Exciting opportunity in Sandy Springs, GA! This company sells software for an e-commerce website focused in the retail industry.
They are seeking an experienced Azure Site Reliability Engineer to join their team. This is an On-Site position and is a full-time role.
In this role, you'll work with cutting-edge technologies such as Azure Services and Datadog!
Our client is looking for hard-working individuals who work well on a team. Here, you will have the chance to grow your skills, work on meaningful projects, and enjoy a supportive work-life balance.
If you are ready to grow your skills, then this is the place for you!
Required Skills & Experience
- Proficiency with Azure services
- Strong experience with Datadog
- 5+ YOE with Site Reliability
- Proficient in scripting languages like Python, PowerShell, or Bash
- Strong skills in diagnosing, troubleshooting, and optimizing system performance issues across large-scale environments.
Desired Skills & Experience
- Knowledge of Datadog integrations for Azure services, Kubernetes, and CI / CD pipeline monitoring.
- Familiarity with managing and optimizing databases such as Azure SQL, Cosmos DB, or MySQL.
- Knowledge of SRE principles such as error budgets, automation, and incident postmortems.
- Familiarity with IaC (Terraform and Ansible)
- Understanding of compliance standards (ISO, SOC 2, GDPR) and security practices specific to cloud environments.
What You Will Be Doing
Tech Breakdown :
- Core services : Azure Kubernetes Service (AKS), Azure Functions, Azure App Services.
- Set up Datadog to monitor Azure resources, including Virtual Machines, AKS clusters, and storage accounts.
- Use Datadog’s dashboards and anomaly detection features to proactively detect and resolve system issues before they impact users.
- Monitor deployments through Datadog to detect any application errors or performance issues introduced during updates.
- Develop and optimize CI / CD pipelines for efficient, reliable application deployment.
Daily Responsibilities
- Automate resource provisioning and deployment with IaC tools like Terraform or ARM templates.
- Continuously monitor Azure infrastructure and applications using Datadog for performance, uptime, and resource utilization.
- Use Infrastructure as Code (IaC) tools like Terraform or Ansible to provision, update, and manage cloud infrastructure.
- Develop, maintain, and improve CI / CD pipelines to automate Docker image builds and Kubernetes deployments.

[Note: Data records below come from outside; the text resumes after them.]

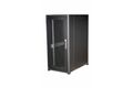 Die Schränke der Basic Flex Line wurden für die effiziente und benutzerfreundliche Installation von aktiven und passiven Netzwerkkomponenten entwickelt, wobei der Schwerpunkt auf einem rationellen Kabelmanagement liegt. Hergestellt aus bis zu 1,5 mm starkem Stahlblech, garantiert jeder Schrank eine hervorragende Stabilität durch eine einzigartige, die einen robusten Stahlrahmen bildet. Sie sind pulverbeschichtet in Grau (RAL 7035) oder Schwarz (RAL 9005)erhältlich. Für schwer zugängliche Aufstellorte ist der Schrank zerlegbar ausgeführt. Die Türen sind leicht abnehmbar und die Türanschläge können zwischen Rechts- und Linksanschlag umgeschaltet werden. Außerdem ist das Dach für den Einbau einer Lüftungseinheit vorbereitet. In jedem Schrank befinden sich zwei Sätze (4 Stück) 483-mm-Profilschienen (19"). Diese verzinkten und mit beidseitig ablesbaren Höheneinheiten versehenen Schienen sind in der Tiefe verstellbar. Um den Einbau von großvolumigen Geräten zu erleichtern, werden sie mit zusätzlichen Tiefenstreben kombiniert. Das Kabelmanagement ist ein zentraler Bestandteil des Designs. Der Schrankboden verfügt über eine ausgestanzte Kabeleinführung, die mit einer Metallplatte abgeschirmt ist. Für die breiteren 800 mm Schränke gibt es zusätzlich ausgestanzte Kabeleinführungen, die beidseitig mit Kunststoff abgedeckt sind. Diese Kabeleinführungen befinden sich auch auf dem Dach, wobei bei den 600 mm breiten Schränken nur eine und bei den 800 mm breiten Schränken drei Kabeleinführungen gibt. Um den unterschiedlichen betrieblichen Anforderungen gerecht zu werden, ist ein umfangreiches Zubehörprogramm mit Kabelführungswerkzeugen und Fachböden erhältlich.
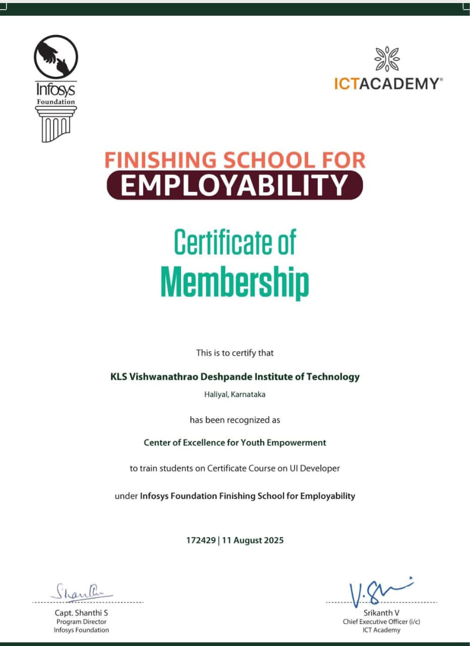 Certificate of Membership by Infosys Foundation Finishing School for Employability – 2025
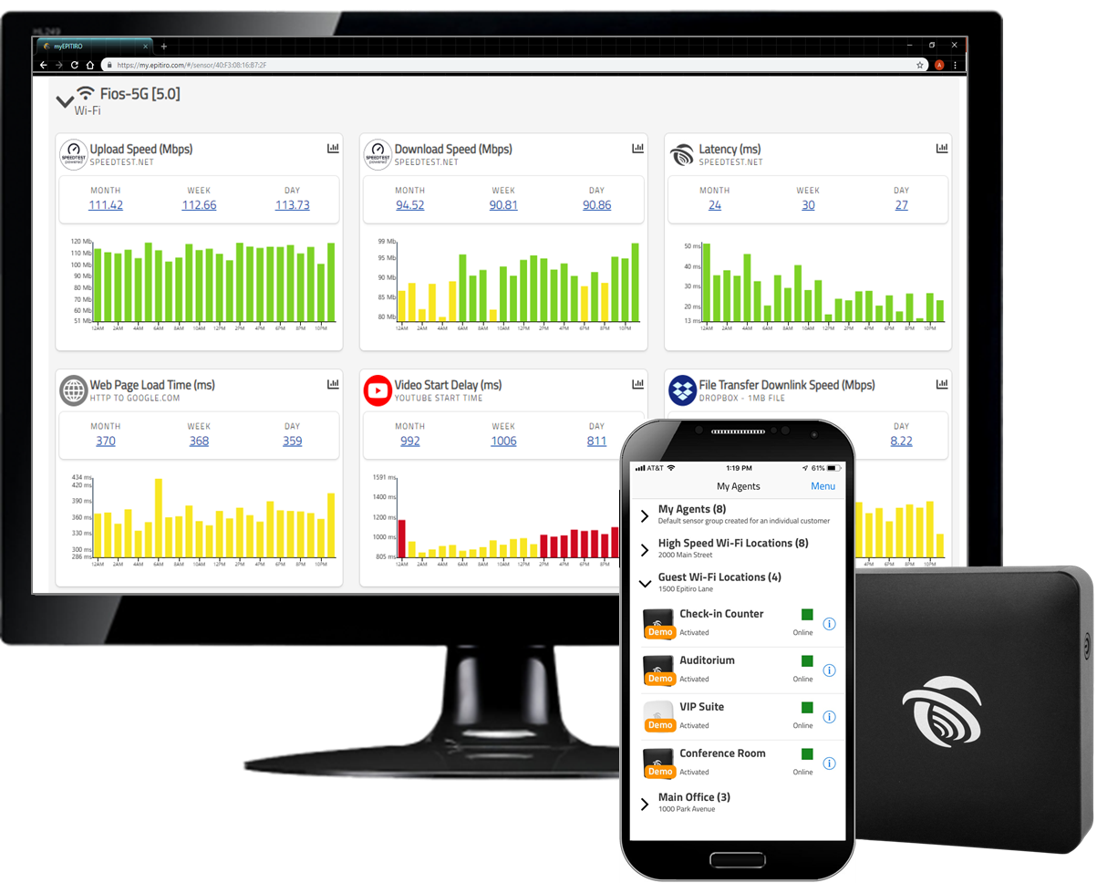 myEPITIRO continuously tests, reports, and notifies you of your Wi-Fi user-experience.If providing Wi-Fi to your customer is critical to your business, myEPITIRO makes it simple to verify expected service levels (SLA), be notified of outages and performance degradations and share information with stakeholders.myEPITIRO helps Network Service Providers spot customer experience problems, network capacity limitations, user authentication failures, and signal interference issues.
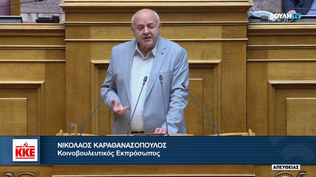 Την προσπάθεια της κυβέρνησης και ιδιαίτερα του πρωθυπουργού Κυριάκου Μητσοτάκη κατά το σημερινό μήνυμά του για το σκάνδαλο του ΟΠΕΚΕΠΕ να συγκαλύψει τις ευθύνες της πολιτικής του, αλλά και τις ποινικές που ενδεχόμενα υπάρχουν σε υπουργούς, βουλευτές και άλλους ανέδειξε ο Νίκος Καραθανασόπουλος, κοινοβουλευτικός εκπρόσωπος του ΚΚΕ, μιλώντας σήμερα στην Ολομέλεια της Βουλής στο πλαίσιο της συζήτησης του νομοσχεδίου για το Κοινωνικό Κλιματικό Ταμείο και το Ταμείο Εκσυγχρονισμού.

- Respond to system alerts, production issues, and incidents. Work to resolve outages quickly and perform root cause analysis to prevent future incidents.
The Offer
Bonus OR Commission eligible
You will receive the following benefits :
- Medical, Dental, and Vision Insurance
- Vacation Time
- 401(k) with a company match, commuter benefits, paid holidays, PTO, quarterly bonuses, and more
- Health Insurance
Applicants must be currently authorized to work in the US on a full-time basis now and in the future.